The existing one was a galvanized run that hadn't been hooked back up when I installed the new plumbing. It was in bad enough shape I decided to replace the whole run. The first order of business was to unscrew the old valve. I took my big pipe wrench (affectionately known as The Persuader) and put on the pressure. The spigot crumpled, but it wasn't going to come loose without breaking some of my exterior shingles or worse. So I chucked a metal-cutting grit blade into my circular saw and simply sawed it off. Then I sawed the interior run in two. Unfortunately, there still wasn't room to remove the elbow and associated pipe. I couldn't cut it all the way through, but I figured if I sawed at an angle as close as I could get, I'd remove part of the offending threads, shake the whole thing pretty thoroughly, and heat things up, hopefully enough that I could unscrew the remaining coupler. This tactic actually worked, and I was able to remove all the remains of the original run (pictured here, along with The Persuader).

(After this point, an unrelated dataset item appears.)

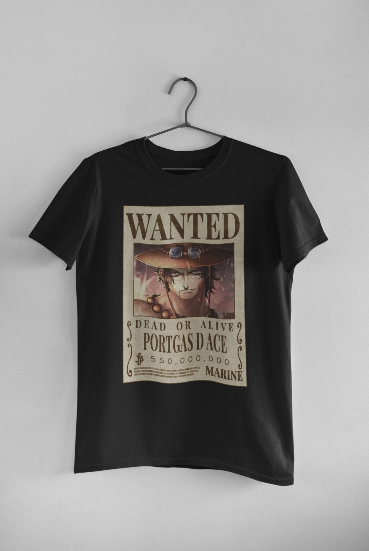 One Piece Wanted Portgas Ace Anime T-Shirt For Men Half Sleeve
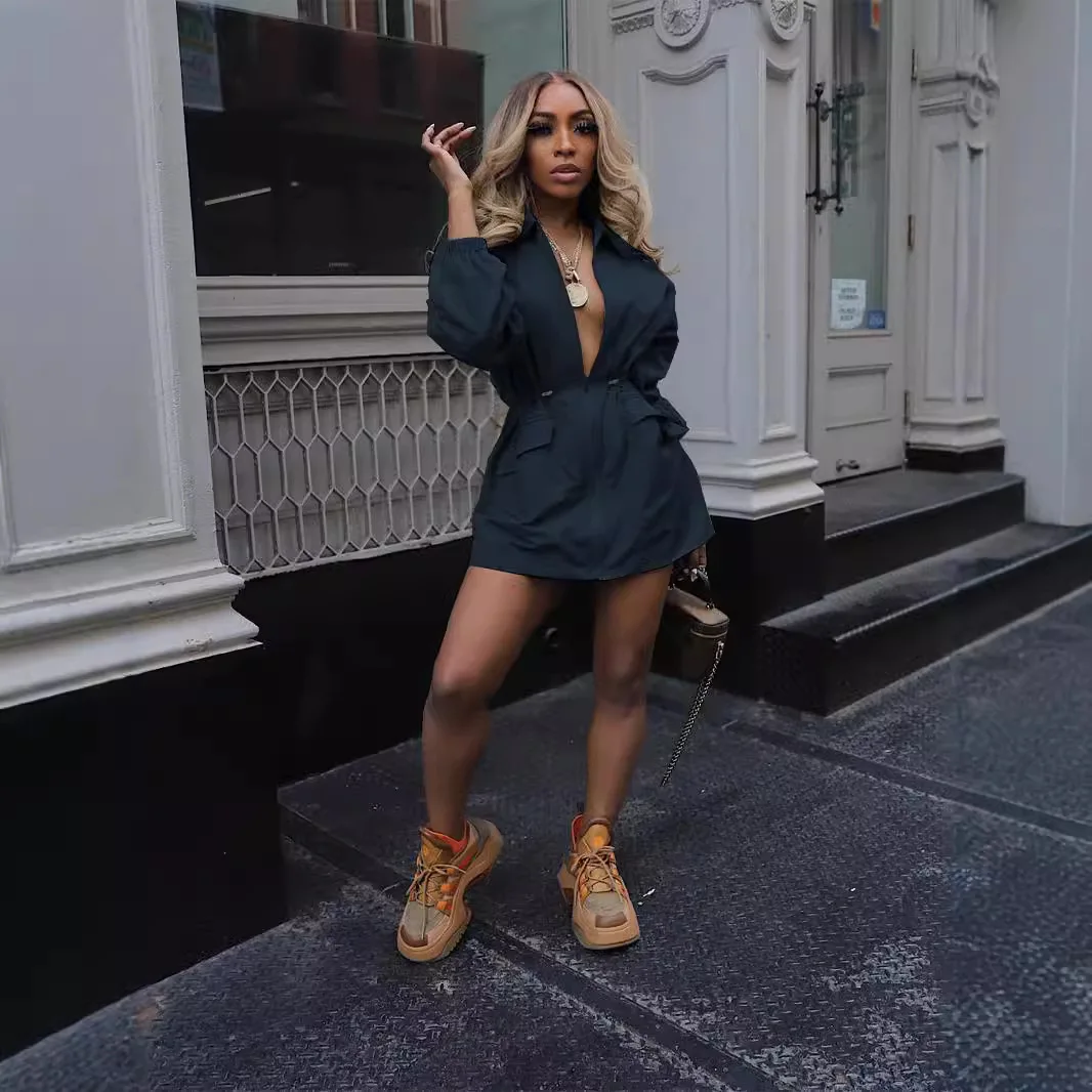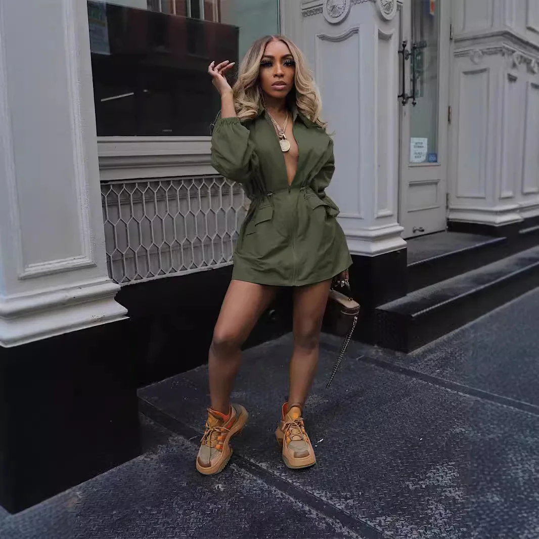 Women's Autumn Fashion Mid-Length Windbreaker European American Style Drawstring Waist A-Line Casual Loose Worsted Fabric

The next order of business was to assemble the new run. As there wasn't room in the wall for a frost-free spigot, I decided to add a shutoff valve with a drain down in the basement. I also wanted to put a drop-ear elbow near the new bibb to protect the pipes from any strain from hoses pulling on it. The folks at the big chain home improvement store informed me that ¾" sweat-to-threaded drop-ear elbows didn't exist. However, I found one at the local independent hardware store, along with a ¾ galvanized street elbow and some pipe dope. I went with a ball valve hose bibb, to avoid all the problems with ordinary cheap stem valves.
Assembling the whole thing required a little forethought. The run through the basement extended along a long crawlspace about 8" high, where I couldn't easily solder pipes. So I made up a short pipe and an elbow on the end of a long pipe, soldered it, and then we maneuvered it into place. Next was to assemble the run inside the wall. After that, I screwed and soldered that bit together. Then came the scary part of cutting into the water line coming into the house and splicing in the new run. Aside from having to juggle everything while standing on slippery mud, it went pretty well. There was a bit of a surprise when I first turned the water back on, as I had removed the drain cap from the new valve while I was soldering it, and had forgotten to put it back on.